The sandy trail is rough going, and Jack is more breathless than he’d like to be when he reaches the overlook. He drops on a fallen tree trunk that, by the look of the worn bark, has seen many hikers’ asses before his, and drinks half the water bottle he’s brought with him, then eats the banana.

He pulls his cell phone out of his bag and texts Bitty Wish you were here with a picture of the view. A few seconds later -- he wonders if he’s woken Bitty up or if the blue jay has returned to the chestnut tree outside Bitty’s window -- his phone vibrates:

OMG why are you sending me pictures of A BEACH when you should be sending me pictures of YOU??

Jack grins and types out:

Because I am all sweaty and horrible looking?
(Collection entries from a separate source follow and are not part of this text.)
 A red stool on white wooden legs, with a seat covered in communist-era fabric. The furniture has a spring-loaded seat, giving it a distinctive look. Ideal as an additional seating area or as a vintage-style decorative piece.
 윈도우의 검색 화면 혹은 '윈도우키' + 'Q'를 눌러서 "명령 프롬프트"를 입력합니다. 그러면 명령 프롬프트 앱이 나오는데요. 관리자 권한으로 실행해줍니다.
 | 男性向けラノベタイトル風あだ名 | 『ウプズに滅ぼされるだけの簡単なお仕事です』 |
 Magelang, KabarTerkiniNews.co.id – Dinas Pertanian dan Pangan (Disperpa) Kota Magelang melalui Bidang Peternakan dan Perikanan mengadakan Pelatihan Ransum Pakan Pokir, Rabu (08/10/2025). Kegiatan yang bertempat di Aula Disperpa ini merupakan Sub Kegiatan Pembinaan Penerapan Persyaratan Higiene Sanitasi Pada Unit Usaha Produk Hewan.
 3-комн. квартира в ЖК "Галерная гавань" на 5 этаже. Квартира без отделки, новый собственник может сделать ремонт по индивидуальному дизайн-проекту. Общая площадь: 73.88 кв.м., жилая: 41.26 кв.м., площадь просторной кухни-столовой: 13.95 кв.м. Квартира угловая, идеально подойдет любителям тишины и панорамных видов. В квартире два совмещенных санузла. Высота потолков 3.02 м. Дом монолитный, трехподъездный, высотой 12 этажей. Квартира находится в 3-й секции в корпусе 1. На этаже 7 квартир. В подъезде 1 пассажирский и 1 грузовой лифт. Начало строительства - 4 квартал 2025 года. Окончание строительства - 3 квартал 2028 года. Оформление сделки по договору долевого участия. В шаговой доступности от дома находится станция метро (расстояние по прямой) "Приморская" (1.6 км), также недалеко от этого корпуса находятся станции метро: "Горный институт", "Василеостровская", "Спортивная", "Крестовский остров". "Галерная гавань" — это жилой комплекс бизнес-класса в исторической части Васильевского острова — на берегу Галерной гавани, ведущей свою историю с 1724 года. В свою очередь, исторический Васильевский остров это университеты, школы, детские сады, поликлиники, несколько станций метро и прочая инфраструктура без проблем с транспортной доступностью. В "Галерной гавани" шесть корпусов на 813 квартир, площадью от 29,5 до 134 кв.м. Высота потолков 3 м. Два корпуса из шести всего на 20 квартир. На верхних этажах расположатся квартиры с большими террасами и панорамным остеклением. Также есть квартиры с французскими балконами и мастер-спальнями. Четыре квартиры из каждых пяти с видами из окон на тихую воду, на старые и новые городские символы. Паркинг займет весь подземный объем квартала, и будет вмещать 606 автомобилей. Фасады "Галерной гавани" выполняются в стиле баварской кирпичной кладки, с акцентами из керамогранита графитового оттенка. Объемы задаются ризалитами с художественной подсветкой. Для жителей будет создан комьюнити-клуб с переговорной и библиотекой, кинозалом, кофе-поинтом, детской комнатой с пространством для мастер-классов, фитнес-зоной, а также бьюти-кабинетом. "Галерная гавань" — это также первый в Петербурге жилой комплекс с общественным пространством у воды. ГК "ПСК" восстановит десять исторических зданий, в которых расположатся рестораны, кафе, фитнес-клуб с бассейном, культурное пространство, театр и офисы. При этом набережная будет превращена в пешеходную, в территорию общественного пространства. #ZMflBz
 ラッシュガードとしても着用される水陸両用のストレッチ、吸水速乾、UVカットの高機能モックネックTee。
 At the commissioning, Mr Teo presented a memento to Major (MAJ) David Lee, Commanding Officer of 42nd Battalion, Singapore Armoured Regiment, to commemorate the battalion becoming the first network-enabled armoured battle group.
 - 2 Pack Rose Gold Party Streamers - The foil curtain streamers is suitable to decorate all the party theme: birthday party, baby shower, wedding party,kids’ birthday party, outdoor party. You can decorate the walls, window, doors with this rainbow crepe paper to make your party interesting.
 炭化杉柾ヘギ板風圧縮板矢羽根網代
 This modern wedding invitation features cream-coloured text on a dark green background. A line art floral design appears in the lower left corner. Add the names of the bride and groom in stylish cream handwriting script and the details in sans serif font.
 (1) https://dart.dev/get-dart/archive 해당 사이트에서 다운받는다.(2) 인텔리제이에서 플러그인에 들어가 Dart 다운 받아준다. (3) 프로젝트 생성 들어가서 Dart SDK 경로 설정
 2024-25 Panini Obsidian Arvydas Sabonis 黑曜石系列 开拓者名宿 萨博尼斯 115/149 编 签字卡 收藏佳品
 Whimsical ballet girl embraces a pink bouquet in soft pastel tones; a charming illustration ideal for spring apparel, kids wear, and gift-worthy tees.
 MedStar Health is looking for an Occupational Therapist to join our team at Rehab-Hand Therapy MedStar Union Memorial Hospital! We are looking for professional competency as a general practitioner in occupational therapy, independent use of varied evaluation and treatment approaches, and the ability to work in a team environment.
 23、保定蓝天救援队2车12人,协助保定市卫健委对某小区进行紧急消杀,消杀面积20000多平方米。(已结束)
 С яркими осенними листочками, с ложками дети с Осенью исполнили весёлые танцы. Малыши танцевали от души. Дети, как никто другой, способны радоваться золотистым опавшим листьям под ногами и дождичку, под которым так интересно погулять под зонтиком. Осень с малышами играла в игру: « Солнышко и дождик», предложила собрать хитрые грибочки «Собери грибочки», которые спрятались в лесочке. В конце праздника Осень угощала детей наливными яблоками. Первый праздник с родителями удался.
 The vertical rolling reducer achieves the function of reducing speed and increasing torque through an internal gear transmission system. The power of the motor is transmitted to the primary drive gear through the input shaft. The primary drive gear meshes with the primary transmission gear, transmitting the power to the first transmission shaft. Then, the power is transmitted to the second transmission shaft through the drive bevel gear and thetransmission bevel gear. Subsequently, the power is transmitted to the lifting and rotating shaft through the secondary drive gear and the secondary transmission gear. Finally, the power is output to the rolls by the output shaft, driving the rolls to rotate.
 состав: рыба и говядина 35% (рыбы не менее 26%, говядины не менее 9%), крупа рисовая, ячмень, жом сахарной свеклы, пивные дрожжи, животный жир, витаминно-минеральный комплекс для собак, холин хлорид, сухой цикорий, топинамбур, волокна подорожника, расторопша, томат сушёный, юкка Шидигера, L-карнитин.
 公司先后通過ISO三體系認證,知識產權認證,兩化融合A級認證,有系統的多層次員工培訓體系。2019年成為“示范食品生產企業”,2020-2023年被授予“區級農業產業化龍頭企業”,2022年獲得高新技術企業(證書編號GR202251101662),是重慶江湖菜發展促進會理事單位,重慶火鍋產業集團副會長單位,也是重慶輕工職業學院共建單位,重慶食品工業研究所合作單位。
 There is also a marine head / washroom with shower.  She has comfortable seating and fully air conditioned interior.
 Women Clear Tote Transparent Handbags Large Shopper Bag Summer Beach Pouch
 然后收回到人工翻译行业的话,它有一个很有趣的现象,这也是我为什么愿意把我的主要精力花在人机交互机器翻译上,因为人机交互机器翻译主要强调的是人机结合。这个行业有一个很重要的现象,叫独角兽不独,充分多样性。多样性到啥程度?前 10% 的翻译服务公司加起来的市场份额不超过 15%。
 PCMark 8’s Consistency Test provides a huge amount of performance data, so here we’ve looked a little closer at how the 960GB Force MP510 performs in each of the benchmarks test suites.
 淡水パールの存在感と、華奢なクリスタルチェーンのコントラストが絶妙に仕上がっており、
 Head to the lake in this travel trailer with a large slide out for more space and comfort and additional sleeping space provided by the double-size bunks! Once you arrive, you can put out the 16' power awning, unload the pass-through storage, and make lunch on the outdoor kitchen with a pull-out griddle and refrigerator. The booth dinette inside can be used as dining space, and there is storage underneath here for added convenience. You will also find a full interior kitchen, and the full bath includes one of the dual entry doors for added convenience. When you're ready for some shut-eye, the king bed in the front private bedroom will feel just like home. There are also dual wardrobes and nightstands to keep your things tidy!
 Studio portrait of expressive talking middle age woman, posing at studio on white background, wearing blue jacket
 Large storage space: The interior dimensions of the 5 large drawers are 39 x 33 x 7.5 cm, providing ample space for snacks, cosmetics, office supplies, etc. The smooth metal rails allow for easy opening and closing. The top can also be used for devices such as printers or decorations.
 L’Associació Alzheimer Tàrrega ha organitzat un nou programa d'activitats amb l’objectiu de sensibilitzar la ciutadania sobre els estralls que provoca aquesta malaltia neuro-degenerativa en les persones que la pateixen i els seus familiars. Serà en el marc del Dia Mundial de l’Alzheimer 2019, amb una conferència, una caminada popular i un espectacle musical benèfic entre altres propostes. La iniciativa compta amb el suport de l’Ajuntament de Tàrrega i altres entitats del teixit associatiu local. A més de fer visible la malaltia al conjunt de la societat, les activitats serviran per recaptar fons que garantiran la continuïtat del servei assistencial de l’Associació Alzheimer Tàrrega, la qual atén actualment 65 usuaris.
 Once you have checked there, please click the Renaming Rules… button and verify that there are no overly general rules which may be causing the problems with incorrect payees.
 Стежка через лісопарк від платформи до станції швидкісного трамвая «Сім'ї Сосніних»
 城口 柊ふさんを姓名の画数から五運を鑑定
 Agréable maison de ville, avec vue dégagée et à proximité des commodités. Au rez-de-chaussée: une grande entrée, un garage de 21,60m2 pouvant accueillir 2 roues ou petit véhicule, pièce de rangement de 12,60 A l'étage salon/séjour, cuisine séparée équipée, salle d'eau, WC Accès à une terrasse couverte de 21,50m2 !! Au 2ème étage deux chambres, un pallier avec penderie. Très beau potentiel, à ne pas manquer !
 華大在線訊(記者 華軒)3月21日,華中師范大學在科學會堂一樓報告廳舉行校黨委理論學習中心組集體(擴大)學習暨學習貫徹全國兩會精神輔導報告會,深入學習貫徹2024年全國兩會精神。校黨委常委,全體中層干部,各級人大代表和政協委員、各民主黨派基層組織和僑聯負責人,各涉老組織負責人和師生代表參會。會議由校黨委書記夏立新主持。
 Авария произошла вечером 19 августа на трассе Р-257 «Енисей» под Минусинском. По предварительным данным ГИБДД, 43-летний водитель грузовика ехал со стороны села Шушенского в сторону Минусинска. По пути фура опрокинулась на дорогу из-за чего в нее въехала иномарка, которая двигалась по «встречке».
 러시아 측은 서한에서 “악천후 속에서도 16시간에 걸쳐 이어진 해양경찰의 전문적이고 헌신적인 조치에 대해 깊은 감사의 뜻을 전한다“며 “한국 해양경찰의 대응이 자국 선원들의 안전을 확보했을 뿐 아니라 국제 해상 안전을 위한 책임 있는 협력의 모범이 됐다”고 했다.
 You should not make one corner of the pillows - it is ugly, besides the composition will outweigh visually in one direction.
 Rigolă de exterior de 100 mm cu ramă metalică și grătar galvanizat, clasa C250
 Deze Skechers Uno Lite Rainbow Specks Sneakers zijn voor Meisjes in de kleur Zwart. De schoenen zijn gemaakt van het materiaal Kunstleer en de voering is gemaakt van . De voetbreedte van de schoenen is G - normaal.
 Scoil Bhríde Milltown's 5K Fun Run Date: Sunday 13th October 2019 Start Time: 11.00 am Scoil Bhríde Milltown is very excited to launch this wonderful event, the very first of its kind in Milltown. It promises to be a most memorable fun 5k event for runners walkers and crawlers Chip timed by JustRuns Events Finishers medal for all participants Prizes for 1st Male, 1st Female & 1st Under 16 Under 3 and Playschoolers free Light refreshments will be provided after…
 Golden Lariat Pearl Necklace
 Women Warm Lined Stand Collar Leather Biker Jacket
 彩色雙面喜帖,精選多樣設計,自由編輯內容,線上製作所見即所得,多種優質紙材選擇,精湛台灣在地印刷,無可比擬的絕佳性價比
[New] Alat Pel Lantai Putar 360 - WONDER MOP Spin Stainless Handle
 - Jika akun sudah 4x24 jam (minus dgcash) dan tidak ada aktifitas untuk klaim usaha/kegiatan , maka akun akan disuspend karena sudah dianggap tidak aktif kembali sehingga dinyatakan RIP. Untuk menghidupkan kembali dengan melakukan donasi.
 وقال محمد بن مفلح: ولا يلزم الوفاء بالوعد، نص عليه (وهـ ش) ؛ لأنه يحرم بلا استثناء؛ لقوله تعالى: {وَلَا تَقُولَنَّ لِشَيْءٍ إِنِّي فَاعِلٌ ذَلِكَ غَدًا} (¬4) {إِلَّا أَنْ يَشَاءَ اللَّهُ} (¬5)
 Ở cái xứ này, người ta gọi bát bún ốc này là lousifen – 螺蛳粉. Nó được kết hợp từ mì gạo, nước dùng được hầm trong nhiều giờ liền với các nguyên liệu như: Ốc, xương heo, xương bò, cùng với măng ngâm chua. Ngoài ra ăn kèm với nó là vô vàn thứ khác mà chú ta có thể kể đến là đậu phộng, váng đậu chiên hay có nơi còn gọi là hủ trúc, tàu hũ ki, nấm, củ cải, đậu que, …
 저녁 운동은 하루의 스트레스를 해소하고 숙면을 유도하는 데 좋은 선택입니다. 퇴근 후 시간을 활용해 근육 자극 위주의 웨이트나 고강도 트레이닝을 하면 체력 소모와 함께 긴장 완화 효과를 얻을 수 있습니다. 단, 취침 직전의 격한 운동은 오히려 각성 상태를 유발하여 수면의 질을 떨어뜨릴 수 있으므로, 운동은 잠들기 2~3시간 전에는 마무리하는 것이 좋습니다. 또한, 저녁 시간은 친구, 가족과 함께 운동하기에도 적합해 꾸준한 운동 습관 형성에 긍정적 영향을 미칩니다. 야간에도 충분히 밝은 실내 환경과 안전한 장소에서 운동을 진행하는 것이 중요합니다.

This gets him a string of emoji that Jack thinks probably amount to the visual expression of exasperation if only because they are followed up by:

I think you mean sweaty and MANLY and GORGEOUS Mr. Zimmermann!!

He turns the phone’s camera on himself and snaps a photo of himself trying to frown. It comes out slightly blurry but he sends it anyway, writing:

There’s no accounting for taste I suppose.

To which Bitty responds:

#BestBoyfriend
200/10 would kiss

Jack isn’t sure what to make of the fraction, but feels pretty confident in interpreting the response as a positive one.

Gonna spend some time with my real camera. He types out. Maybe we can FaceTime when I get back to the cottage, over breakfast?

Sure! <3 is Bitty’s reply.

Jack smiles, unaccountably happy, down at the screen for several seconds, before pressing the button to make the screen go black so he can slip the phone back into the zippered pocket of his bag. Then he gets out his Nikon and contemplates his lens options. He’s hoping to carry some of the peace of this place with him when he moves down to Providence for the next chapter of his life. And maybe some good pictures will help him do that.